*WHAT YOU SHOULD DO*
Repeat each record below exactly as given.

*DATA IN THIS EXERCISE*
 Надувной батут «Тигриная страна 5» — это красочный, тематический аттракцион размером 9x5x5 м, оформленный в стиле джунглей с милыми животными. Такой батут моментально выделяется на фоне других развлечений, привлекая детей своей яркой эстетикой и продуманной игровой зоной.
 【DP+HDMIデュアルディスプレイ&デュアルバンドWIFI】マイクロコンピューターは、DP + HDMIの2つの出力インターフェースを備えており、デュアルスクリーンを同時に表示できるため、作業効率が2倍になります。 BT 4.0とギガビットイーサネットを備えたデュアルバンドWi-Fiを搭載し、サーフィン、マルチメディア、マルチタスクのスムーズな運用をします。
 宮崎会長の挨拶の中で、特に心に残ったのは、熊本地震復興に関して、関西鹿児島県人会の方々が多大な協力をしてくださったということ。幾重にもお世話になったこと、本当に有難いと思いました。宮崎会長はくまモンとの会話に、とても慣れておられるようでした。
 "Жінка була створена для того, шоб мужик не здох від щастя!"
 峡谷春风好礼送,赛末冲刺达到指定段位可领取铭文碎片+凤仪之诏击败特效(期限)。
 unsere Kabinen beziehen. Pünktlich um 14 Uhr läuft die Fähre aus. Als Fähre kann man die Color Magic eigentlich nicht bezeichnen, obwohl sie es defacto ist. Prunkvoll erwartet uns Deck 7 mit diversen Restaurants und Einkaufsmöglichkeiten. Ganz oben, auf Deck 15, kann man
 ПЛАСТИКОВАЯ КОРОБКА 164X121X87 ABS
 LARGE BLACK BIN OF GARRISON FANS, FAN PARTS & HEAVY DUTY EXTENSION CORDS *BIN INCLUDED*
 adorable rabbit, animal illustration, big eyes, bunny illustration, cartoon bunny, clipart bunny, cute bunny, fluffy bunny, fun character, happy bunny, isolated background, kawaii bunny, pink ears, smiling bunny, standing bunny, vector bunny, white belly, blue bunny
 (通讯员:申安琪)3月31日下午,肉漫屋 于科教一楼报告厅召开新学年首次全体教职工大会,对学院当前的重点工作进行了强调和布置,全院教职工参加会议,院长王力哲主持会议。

*OUTPUT OF THE TASK*
 Надувной батут «Тигриная страна 5» — это красочный, тематический аттракцион размером 9x5x5 м, оформленный в стиле джунглей с милыми животными. Такой батут моментально выделяется на фоне других развлечений, привлекая детей своей яркой эстетикой и продуманной игровой зоной.
 【DP+HDMIデュアルディスプレイ&デュアルバンドWIFI】マイクロコンピューターは、DP + HDMIの2つの出力インターフェースを備えており、デュアルスクリーンを同時に表示できるため、作業効率が2倍になります。 BT 4.0とギガビットイーサネットを備えたデュアルバンドWi-Fiを搭載し、サーフィン、マルチメディア、マルチタスクのスムーズな運用をします。
 宮崎会長の挨拶の中で、特に心に残ったのは、熊本地震復興に関して、関西鹿児島県人会の方々が多大な協力をしてくださったということ。幾重にもお世話になったこと、本当に有難いと思いました。宮崎会長はくまモンとの会話に、とても慣れておられるようでした。
 "Жінка була створена для того, шоб мужик не здох від щастя!"
 峡谷春风好礼送,赛末冲刺达到指定段位可领取铭文碎片+凤仪之诏击败特效(期限)。
 unsere Kabinen beziehen. Pünktlich um 14 Uhr läuft die Fähre aus. Als Fähre kann man die Color Magic eigentlich nicht bezeichnen, obwohl sie es defacto ist. Prunkvoll erwartet uns Deck 7 mit diversen Restaurants und Einkaufsmöglichkeiten. Ganz oben, auf Deck 15, kann man
 ПЛАСТИКОВАЯ КОРОБКА 164X121X87 ABS
 LARGE BLACK BIN OF GARRISON FANS, FAN PARTS & HEAVY DUTY EXTENSION CORDS *BIN INCLUDED*
 adorable rabbit, animal illustration, big eyes, bunny illustration, cartoon bunny, clipart bunny, cute bunny, fluffy bunny, fun character, happy bunny, isolated background, kawaii bunny, pink ears, smiling bunny, standing bunny, vector bunny, white belly, blue bunny
 (通讯员:申安琪)3月31日下午,肉漫屋 于科教一楼报告厅召开新学年首次全体教职工大会,对学院当前的重点工作进行了强调和布置,全院教职工参加会议,院长王力哲主持会议。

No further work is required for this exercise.